“Well, what’s the answer?” scoffed Boston Fat.
The other man talked on, humor in his eyes, plainly enjoying this verbal skylarking.
“I’m afraid I cannot waste time and breath on you in an attempt to answer the riddle of the ages, to explain the wanderlust that sent forth the tribes from the Aryan bowl of the birth of the races, my corpulent bean-pot. Your blank eyes and your flattened skull suggest a discouraging incapacity for information.”
“I don’t know what you’re gabbing abut. But there’s one thing I do know. I’ll tip ’em off at the next insane-asylum I come to that I met you headed north.” The tramp gathered the articles of clothing from the bushes and got down on his knees and began to fold them.
The man of the brown eyes stepped forward, laid down his little book, picked up the frock-coat and pulled it on, the fat man squealing expostulation. With serene disregard of this protest Farr buttoned the coat, smoothed it down, and then straightened his shoulders.
“You may see that it was built for a gentleman and that it fits a gentleman, friend pork-barrel.”
“You shuck it off and pass it over, that’s what you do,” yelped the tramp. “It’s my coat.”
“It was perfectly apparent that it was not your coat when you tried it on.”
“I tell you I found it hanging on a fence-post just above here.”
“That was merely by accident, and you should have passed on and left the garments for one whose frame was fitted to wear them. You illustrate the curse of modern society. Men are so filled with the greed of getting that they grab misfits simply out of passion for possessing.”
“I’ve stood your slurs ever since I got here, but I’ll be jobeefed if I’ll stand for your swiping my property.”

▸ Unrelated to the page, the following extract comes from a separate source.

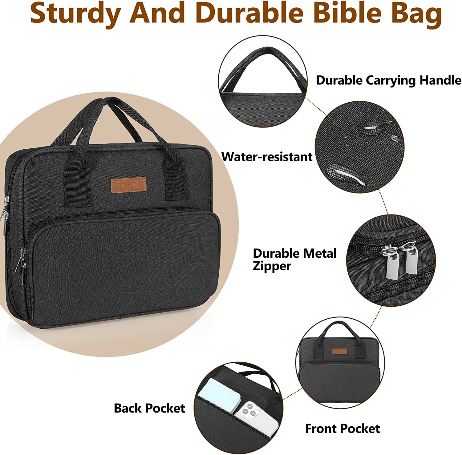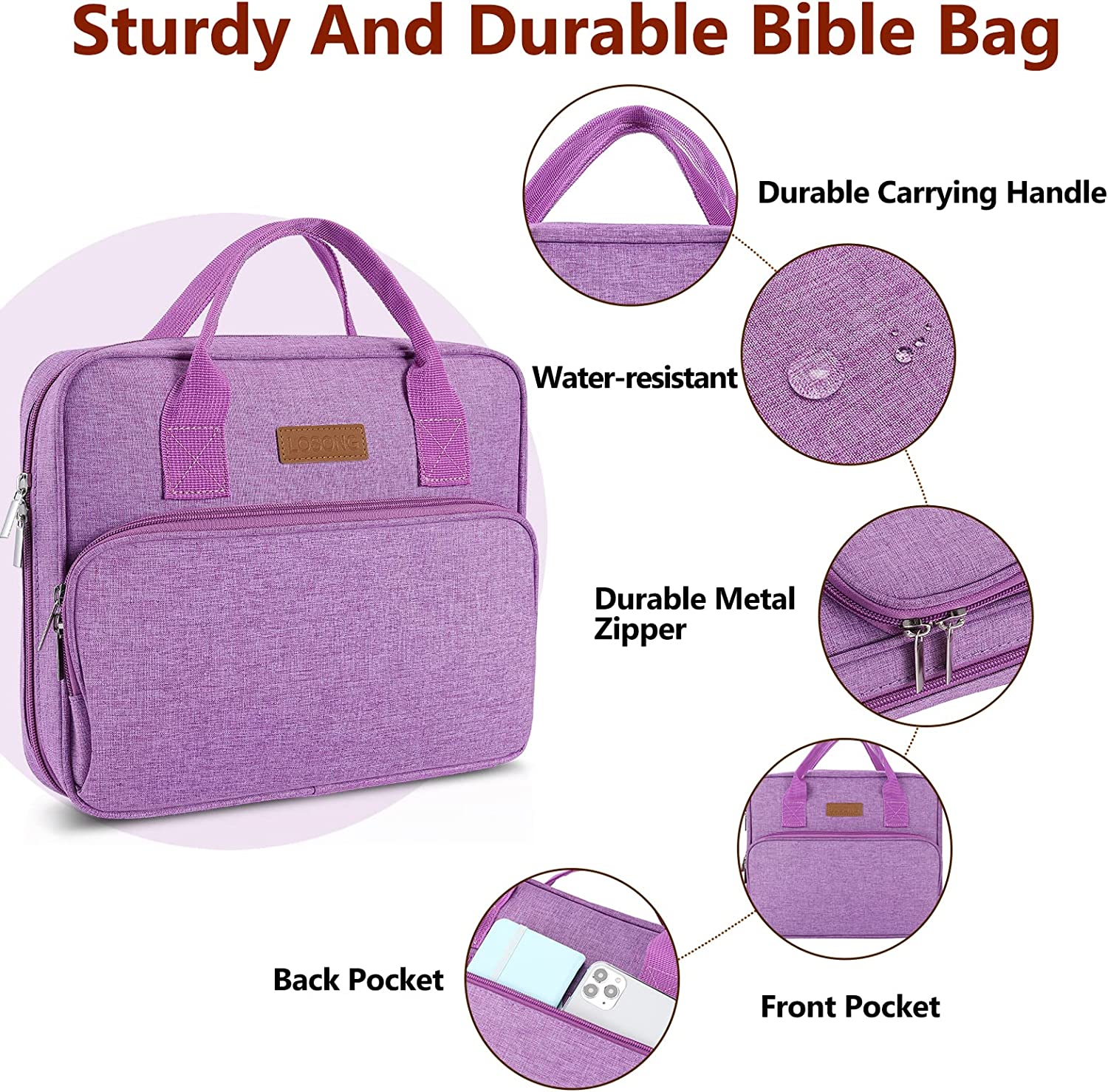 • DURABLE Material: High Quality: Bible covers are made of water-resistant polyester canvas and durable metal zipper. The reinforced hand strap on the Bible bag makes it easy to grasp and go. This bible carrying bag can protect your bible from scuffing.

The man of the brown eyes smiled. His whole demeanor showed that he was more than ever hugely enjoying his own verbosity—the florid language which was both maddening and mystifying the tramp.
“Further evidence of your mean nature: a gentleman resents an insult that steals away his character much more quickly than he resents an act that steals mere property. In that little book which I have just laid down Shakespeare speaks trenchantly on that matter: ’Who steals my purse steals trash . . . but he that filches from me my good name robs me . . . and makes me poor indeed.’”
The tramp gave over his work of folding, and awkwardly and cumbersomely got upon his feet.
“You take off that coat and hand it over. It’s mine—I found it. I can stand a crazy man’s gab, but when any one tries to do me out of what’s my own I’ll fight.”
“May I ask what you’re going to do with these garments of a gentleman which have fallen into your hands by accident?”
“I’m going to cash ’em in at the nearest second-hand shop, that’s just what I’m going to do.”
“Just as you sold the Sunday suit you stole from a poor man! My friend, I was insulted that day on account of you. You owe me something!”